- Born: February 26, 1864 Keokuk, Iowa, U.S.
- Died: August 15, 1937 (aged 73) Berkeley, California, U.S.
- Resting place: Mountain View Cemetery (Oakland, California)
- Education: Washington State Normal School
- Alma mater: University of Washington (BS 1900) UC Berkeley (MS 1903, PhD 1906)
- Known for: Curator of the University of California Herbarium
- Spouse: Edith Jordan
- Scientific career
- Fields: Phycology, Mycology
- Institutions: University of California, Berkeley
- Thesis: Cytological Studies in Cyanophyceae (1906)
- Doctoral advisor: William Albert Setchell
- Author abbrev. (botany): N.L.Gardner

= Nathaniel Lyon Gardner =

American phycologist and mycologist

Nathaniel Lyon Gardner (February 26, 1864 – August 15, 1937), was an American phycologist and mycologist who taught at the University of California, Berkeley, where he was the curator of the University Herbarium. He is known for his work on seaweeds of the Pacific Coast, as well as on freshwater algae and fungi, and among his publications is the important reference work Algae of Northwestern America.

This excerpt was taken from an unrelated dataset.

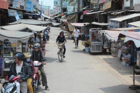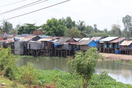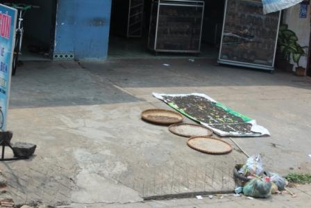 | Paalwoningen van de vissers in Dinh Quan | De thee ligt te drogen voor het huis | Typisch straatbeeld met markthandel en eettentjes |

==Early life and education==
Gardner was born in Keokuk, Iowa on February 26, 1864, and began his career as an Iowa schoolteacher. After earning a teaching degree at the Washington State Normal School in Ellensburg (now Central Washington University), he went on to teach for a time in that state. He also began collecting plants, which led him to write to the University of California for help with identification and preservation of specimens. This put him in contact with William Albert Setchell, who headed the botany department at UC Berkeley (UCB) and later worked closely with Gardner as a colleague and coauthor via correspondence. Gardner enrolled at the University of Washington to complete at Bachelor of Science degree in 1900. Gardner subsequently enrolled at UCB to study marine algae and other cryptogams, earning a Bachelor of Science degree in 1900., a Master of Science degree in 1903, and a Doctor of Philosophy degree in 1906.

==Career==
After receiving his Bachelor degree, Gardner was hired as an assistant in botany by UCB, where he worked with W. J. V. Osterhout. Upon completion of his doctoral studies in 1906, he began teaching at the Los Angeles Polytechnic High School, where he was head of biology. He took a year's leave from this job to serve as an acting assistant professor of botany at UCB (1909–10) and then was hired full-time by UCB as an assistant professor in 1913. He rose to associate professor in 1923 and retired from UCB in 1934. He was also the curator of the University Herbarium.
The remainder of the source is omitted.